The Ryzen 3000 C-Series includes the Ryzen 7 3700C and the Ryzen 5 3500C (four cores, eight threads, 12nm node Zen+ architecture) as well as the Ryzen 3 3250C (two cores, four threads, 14nm Zen architecture). The Athlons include the Gold 3150C (two cores, four threads) and the Athlon Silver 3050C (two cores, two threads), both built with the 14nm Zen architecture. The chips include Vega integrated graphics, which AMD says are “the most powerful graphics available in a Chromebook.”

There’s a catch, though: these chips aren’t really new (or at least, they’re not a new design). AMD’s most recent generation of mobile processors, the Ryzen 4000 series, are built on Zen 2 architecture; Zen and Zen+ are its predecessors. Specifically, last year’s Ryzen 3000 mobile series and 2000 desktop series are built on Zen+, while the Ryzen 2000 mobile series and 1000 desktop series are built on Zen. So for the three dual-core chips, we’re looking at an architecture from 2017.

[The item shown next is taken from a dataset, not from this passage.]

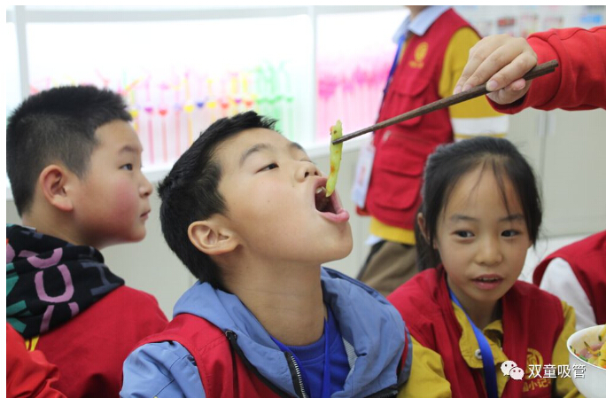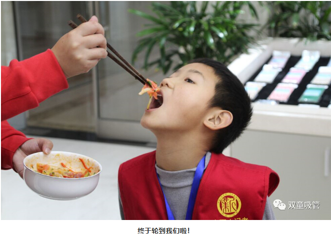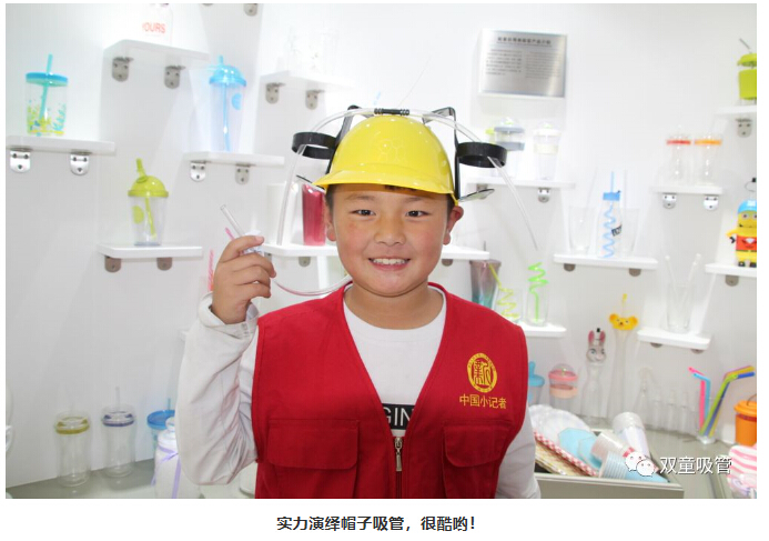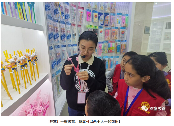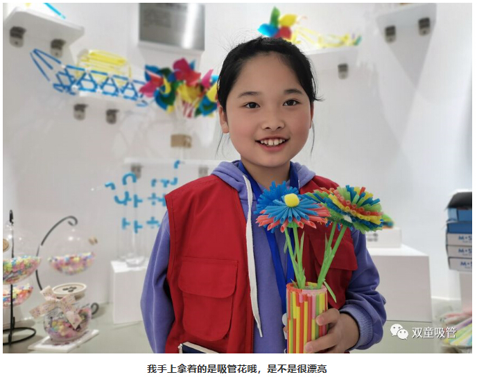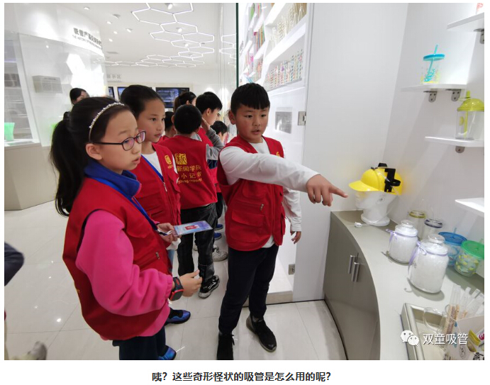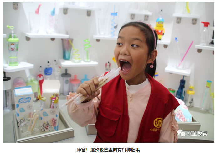 一走進“雙童”產(chǎn)品展區(qū)時,小記者們就在不停的尋找“雙童”可食用淀粉吸管。究竟這款“可以吃的吸管”藏在哪呢?

And some of the chips are just clones. If you look at the specs of the 3700C, in particular, you’ll see it’s identical to the Ryzen 7 3700U (including its 10 Radeon cores clocked at up to 1400MHz), which you’ll find in systems like Acer’s Aspire 5 and Dell’s Inspiron 15. The 3500C might also look familiar: it looks like a rebranded 3500U (with 8 Radeon cores clocked at up to 1200 MHz).

Image: AMD

AMD, to its credit, acknowledged this fact in its launch presentation. The company stated that it still felt important to rebrand the chip as a Chromebook-specific CPU: “We want people to Google this model and find a Chromebook.” Fair enough — just don’t be fooled into thinking you’re getting a brand-new chip.

There’s not necessarily anything wrong with using a chip that’s not the most recent, and Chromebooks commonly have lower-power chips than high-end Windows laptops do. But it’s worth noting that the only place these systems are likely to be competitive with current Intel systems is price.